International Spring Orchestra Festival, Malta – Daphne Delicata | Estonian Sinfonietta Soloists

Moments musicaux, Op.16 – III & IV*
Introduction and Rondo capriccioso, Op.14*
Dead Souls – Polka [arr. Maxim Emelyanychev]
Metamorphosen [arr. Rudolf Leopold for string septet]
Fragments from Danse Macabre [arr. Johannes Põlda]
Valse triste, Op.44/1
Midnight in Riga

Daphne Delicata (piano)*

Estonian Sinfonietta Soloists
Johannes Põlda (concertmaster)

Reviewed by: Ateş Orga

Reviewed: 3 May, 2019
Venue: Teatru Manoel, Valletta, Malta

Estonian Sinfonietta SoloistsPhotograph: Ateş OrgaOn paper this “Danse Macabre” concert by the Estonian Sinfonietta Soloists from Tallinn promised an interesting snapshot of northern landscapes. In the event it ended up broadly as a succession of water-coloured cameos, the only offering of substance being Rudolf Leopold’s 1994 realisation of the septet draft of Richard Strauss’s late Metamorphosen. Discovered in Switzerland in 1990, this follows the septet ‘short score’, including its original closing modulation, while incorporating elements from the final twenty-three-string version. It’s sparseness doesn’t prevent the intensity or valediction of its message getting through – as students from the Yehudi Menuhin School showed us so brilliantly and lastingly at the Wigmore Hall last June – but to bring it off successfully requires greater commitment, cohesion and power than these Estonian visitors were able to muster. Concertmaster Johannes Põlda, leader of the Sibelius Academy orchestra in Helsinki, did his best by way of involvement and ‘conducting’, similarly the first viola and responsive second violin. But, on the night, tuning and intonation proved variable and distracting, compounded by the exposing dryness of the theatre. The pulse, likewise, was relatively soft. Cellos and double bass inclined to be tentative, at some cost in the ‘Eroica’ funèbre ghosting at the end.

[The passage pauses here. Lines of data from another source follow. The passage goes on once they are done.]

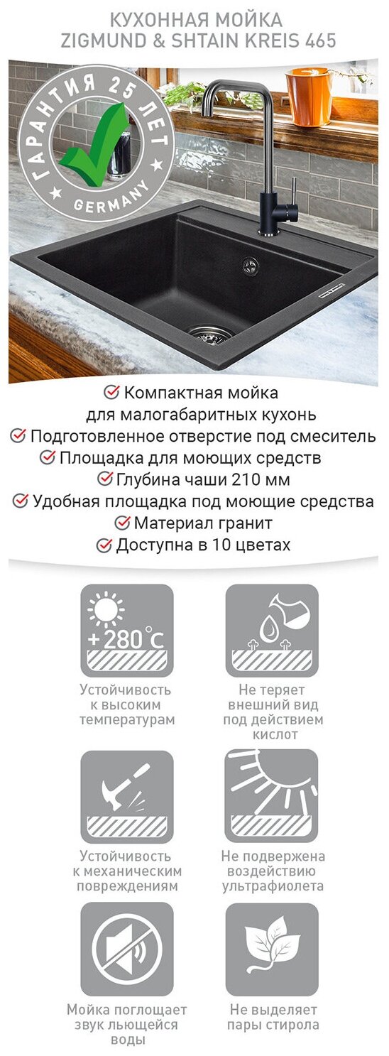 Мойка Zigmund Shtain Platz 465 черный базальт 9 482 ₽ Подробнее
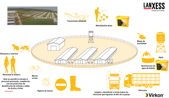 Durante la planificación, es vital considerar los vehículos como puntos críticos para la diseminación de la enfermedad. Por los que los programas de limpieza y desinfección de vehículos y el uso adecuados de arcos de desinfección y rodiluvios deben ser implementados de manera de correcta y con los productos adecuados para cada proceso.
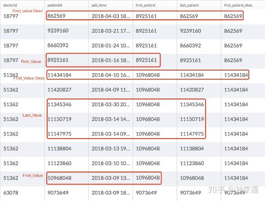 First_Value(patientId) over(partition by doctorId order by add_time desc) first_patient_desc
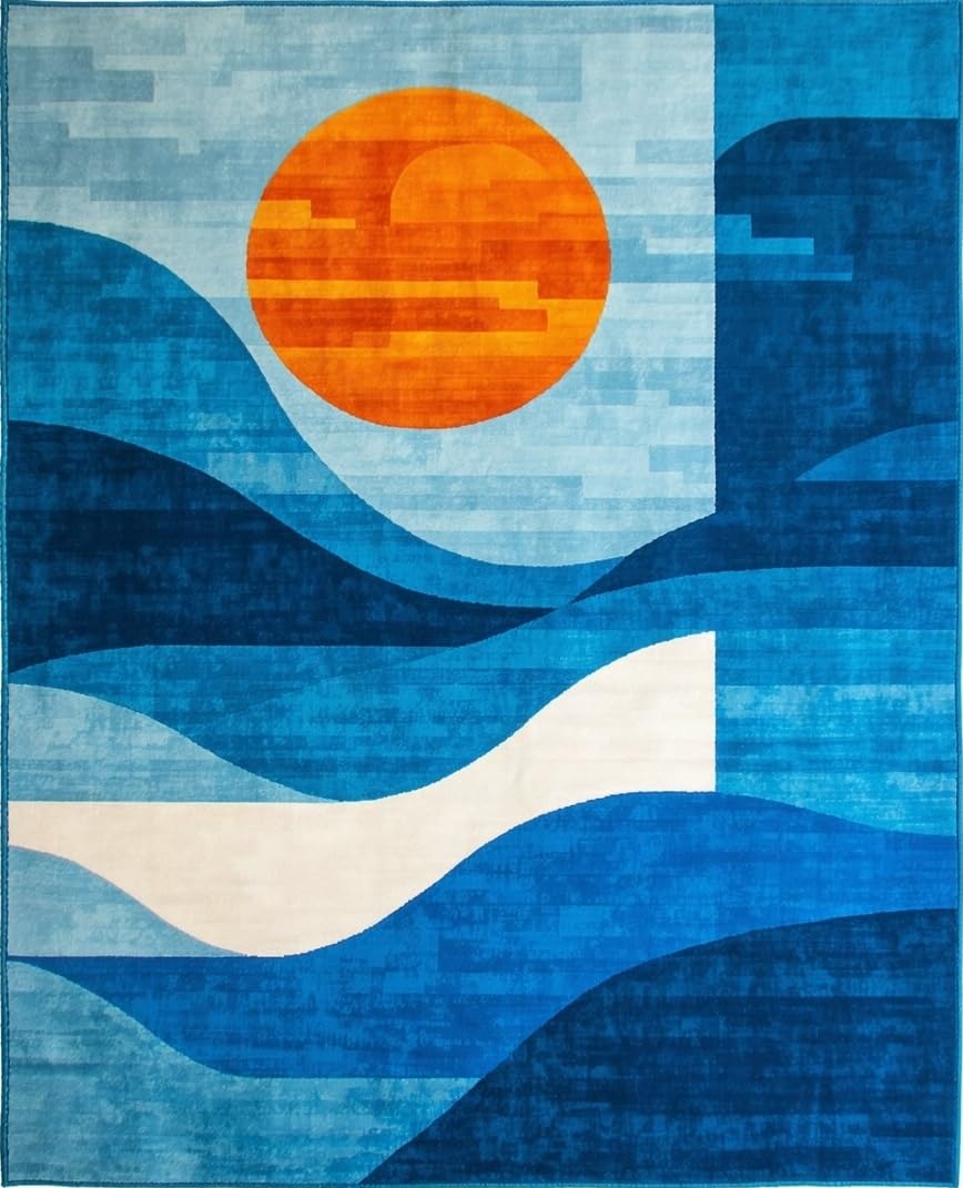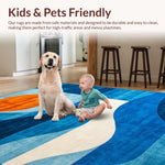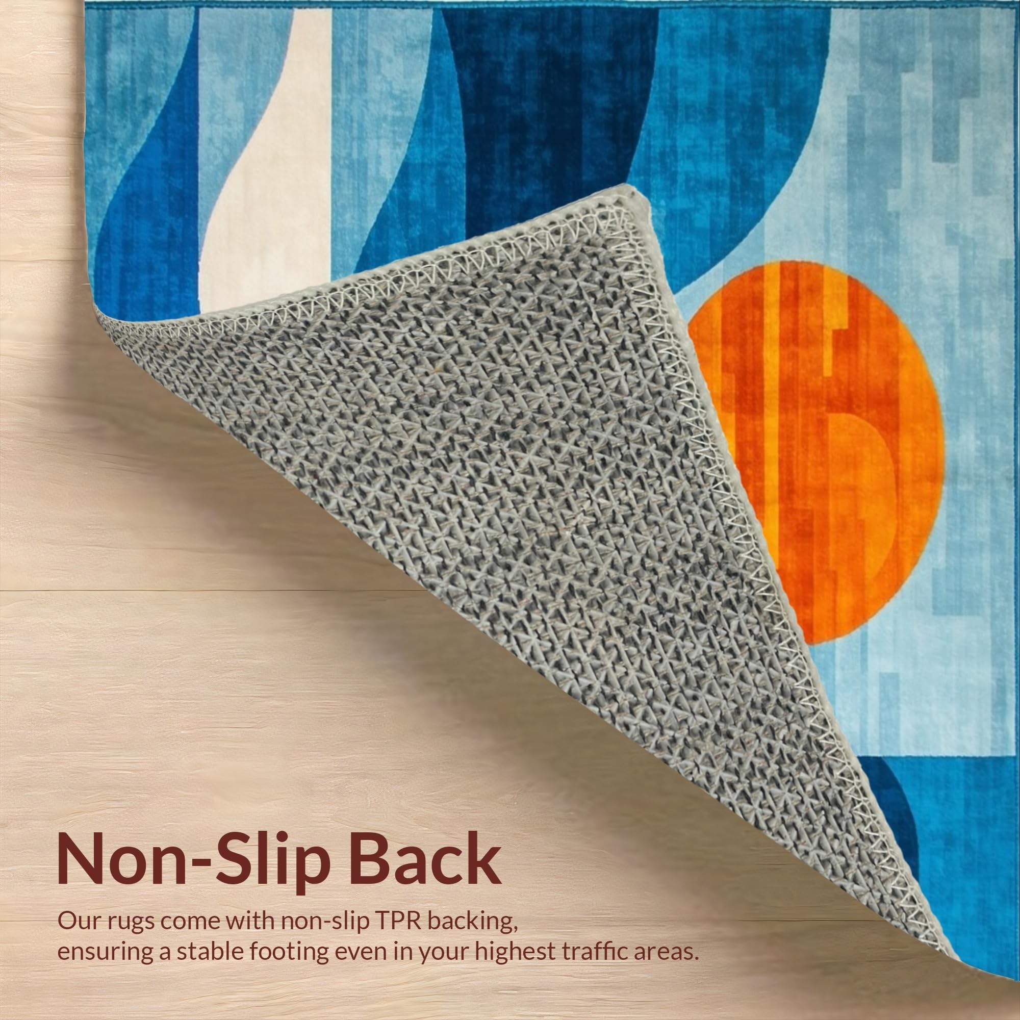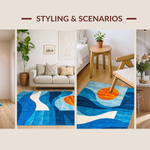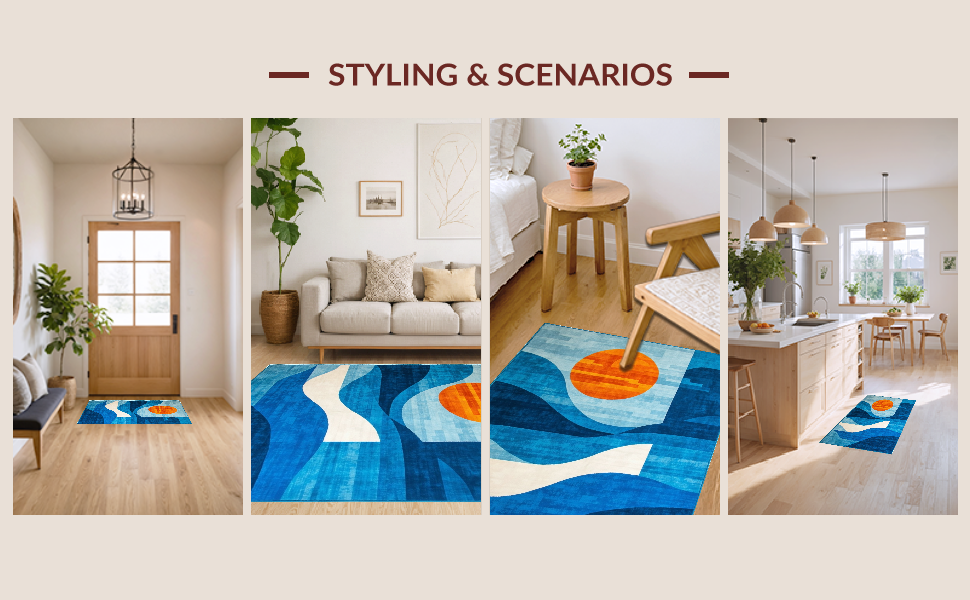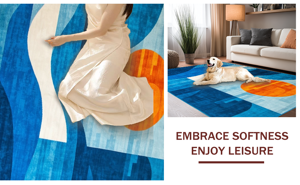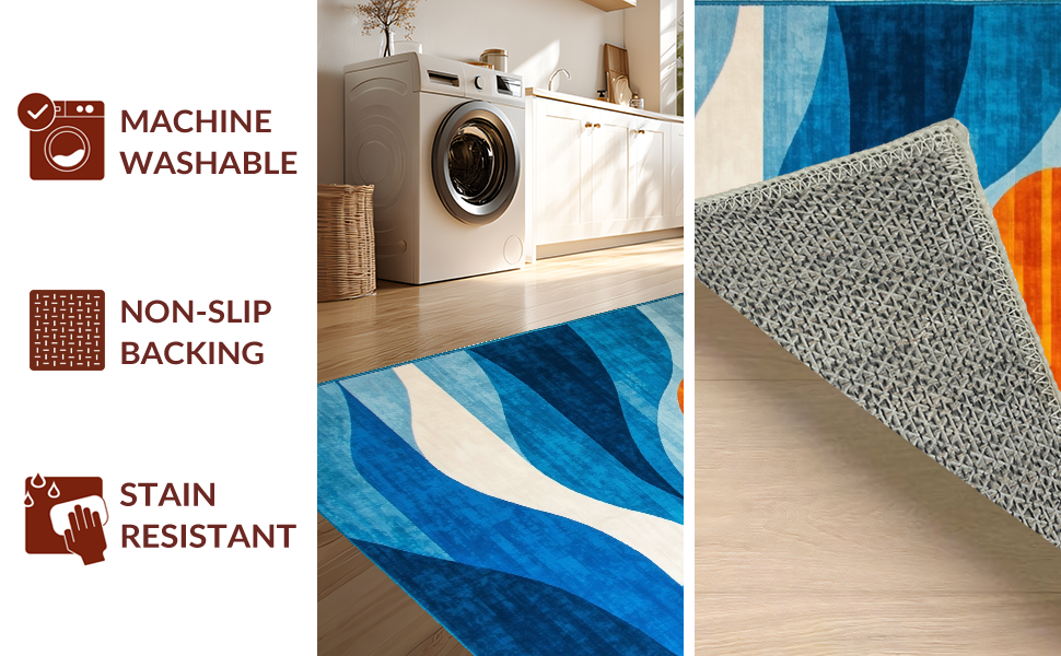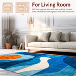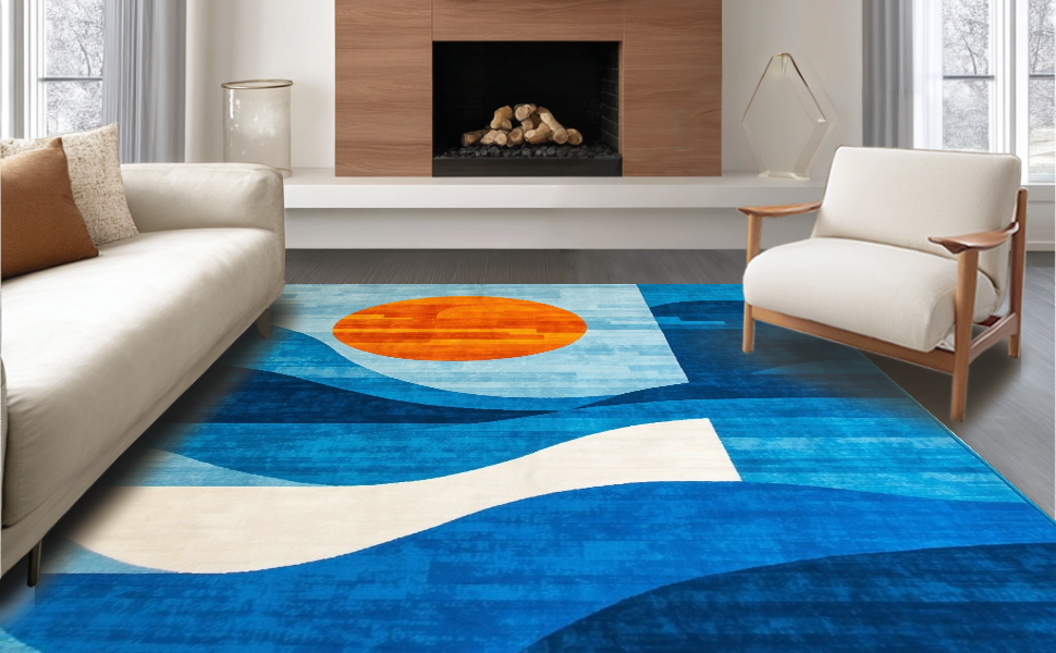 Ultra Soft Area Rug, Non Slip, Stain Resistant, Washable Area Rugs for Living Room, Bedroom, Sophisticated Geometric Wave Motif(Blue) Overview:

Elsewhere, dark subject matter notwithstanding, humour was missing. Lest anarchy take over, the swoops and slides of the Schnittke Polka need a tonal bedrock to be contained: this was an uneasy opener, missing both the brilliant orchestral colouring of the original (Dead Souls, a staggeringly imagined score), and the virtuoso tongue-in-cheek acting of a Rozhdestvensky at the helm. Here, you felt, were instrumentalists shy of smiling or liberation. In Artūrs Maskats’s Midnight in Riga (Latvia, 2014), Second World War centered, tango plays an evocative period role. Baltic casino tango was big during the (nationally independent) thirties, mellow vocalists and melded musicians taking couples on journeys far beyond the heat of the night. The paraphrased rhythms of the music we got, if squared off, but too little of the erotic sensuality. A dose of Artem Timin and the Moscow Solo Tango Orquesta was needed. Perhaps, too, given this ensemble’s intentional absence of an artistic director, something like Paavo Järvi’s long-limbed, life-farewelling way with Sibelius’s Valse triste (here in its original scoring) might usefully have been seeded in the players’ minds – especially his emotive holding back at Letter C. “Death stands on the threshold.” Following Lepo Sumera’s Fragments from [the film] Danse Macabre (Estonia, 1991), this was an account bordering at times on the ordinary, needing tauter pacing and note-values, and a more poised way with pauses. Playing rather than dreaming, fact before fantasy, maybe a safe recipe but it’s rarely ever more than a low voltage prospect.

For the second of her three ‘warm-up’ appearances at this year’s Festival, Daphne Delicata took us down youthful roads. She caught just the right spirit in the third of Rachmaninov’s 1896 Moments musicaux, dark and moody, each strand weighted with expressive depth and sonorous tension. Mendelssohn’s pre-Midsummer Night’s Dream Introduction and Rondo capriccioso found her fearless, dispatching the tricky double-notes and broken octaves with brilliance and panache, flying the schoolroom in their communication. The cadential thrust at the end, solid rather than light, was impressive. For such a young player (she’s twelve) to be so emotionally engaged is remarkable. In the romantic cantabile of the Introduction she ‘rang’ her phrases and shaped the ornamentation with simple vocal grace, ‘speaking’ the melody with unforced personality, dramatising a fatalistic warning in the fortissimo double-dotted calls of the left-hand. Lightly pedalled, the semiquaver accompaniments of the Rondo rippled and breathed, webs of harmonically humming sound laced like Berenice’s tresses across the heavens. Where will her gift take her?